Host/Mask           Packets   Bytes
205.152.59.0/24       10914    495K
206.223.168.238        9216    505K
213.4.149.12           6660    346K
69.25.186.66           5673    272K
81.115.40.8            5360    286K
213.29.7.0/24          4317    259K
68.22.111.226          4051    189K
65.14.221.82           3569    171K
204.202.15.102         3019    149K
211.94.0.0/15          2919    175K

This is down significantly from last week, and it seems unlikely that one more day would have made a major difference.

  • 205.152.59.0/24 is Bellsouth, still hammering on us with advance fee fraud spammers through their webmail system. (Well, probably. Since we're not accepting their packets I can't be sure.)
  • 206.223.168.238 and 204.202.15.102 return from last week.
  • 213.4.149.12 returns from recently and is resuming its usual presence in the listing.
  • 69.25.186.66 is mail.mydiscountoffer.com, and was blocked for being in AccelerateBiz network space; after too many spammers, we no longer accept connections from their IP ranges.
  • 81.115.40.8 is a telecomitalia.it IP address, last seen in January.
  • 68.22.111.226 and 65.14.221.82 kept trying with bad HELOs.

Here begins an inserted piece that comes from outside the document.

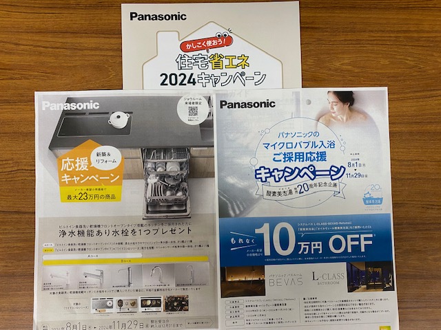 新築やリフォームをご計画のお客様に国のキャンペーンや各メーカー様のキャンペーンなどの案内が当社に紹介されております。こちらはパナソニック様から紹介のあったもののチラシになります。
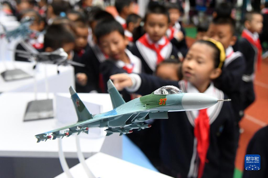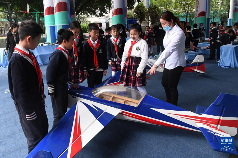 1/010月19日,在廣西河池市金城江區(qū)第三小學(xué),學(xué)生在參觀科學(xué)節(jié)活動(dòng)現(xiàn)場(chǎng)展出的飛機(jī)模型。(新華社記者 陸波岸/攝)

Connection time rejection stats:

  66671 total
  40920 dynamic IP
  16846 bad or no reverse DNS
   5790 class bl-cbl
   1512 class bl-sbl
    462 acceleratebiz.com
    225 class bl-pbl
    109 class bl-njabl
    104 class bl-dsbl
     79 cuttingedgemedia.com
     64 class bl-sdul

This is pretty close to last week, and might even have been over it if not for the 12 hour downtime. I'd do a breakdown of the SBL rejections, but there's no real point; 1440 of them come from SBL50892, which is a colocentral.com spammer hosting escalation listing from Feburary 6th, and the next highest one is 12 rejections. (The colocentral.com rejections were spread over 248 different IP addresses, with none of them having more than 9 rejections. The hostnames suggest that we didn't miss anything.)

Three of the top 30 most rejected IP addresses were rejected 100 times or more this week: 69.25.186.66 (181 times), 67.102.251.238 (176 times, a Covad something or other), and 210.176.52.139 (149 times, no reverse DNS). Twelve of the top 30 are currently in the CBL, ten are currently in bl.spamcop.net, eight are in the PBL, and a grand total of 15 of the 30 are in zen.spamhaus.org.

This week Hotmail did:

  • 4 messages accepted, at least two of them legitimate and one almost certainly spam.
  • no messages rejected because they came from non-Hotmail email addresses.
  • 41 messages sent to our spamtraps.
  • 30 messages refused because their sender addresses had already hit our spamtraps.
  • 8 messages refused due to their origin IP address (4 in the CBL, 3 from the Cote d'Ivoire, and one in SBL45516).

And the final numbers:

what # this week (distinct IPs) # last week (distinct IPs)
Bad HELOs 953 95 877 101
Bad bounces 17 16 16 12

There was no particularly flagrant source of bad HELOs this week, just the usual crowd with middle double digit rejections before we dumped them in the kernel filters. Bad bounces once again came from all over, although possibly with more North American sources than anywhere else.

Bad bounces were sent to 15 different usernames this week, once again mostly to real ex-users and plausible usernames (and one valid ex-user with some numbers glued on the front). The most popular target, with three bounces, was an ex-user.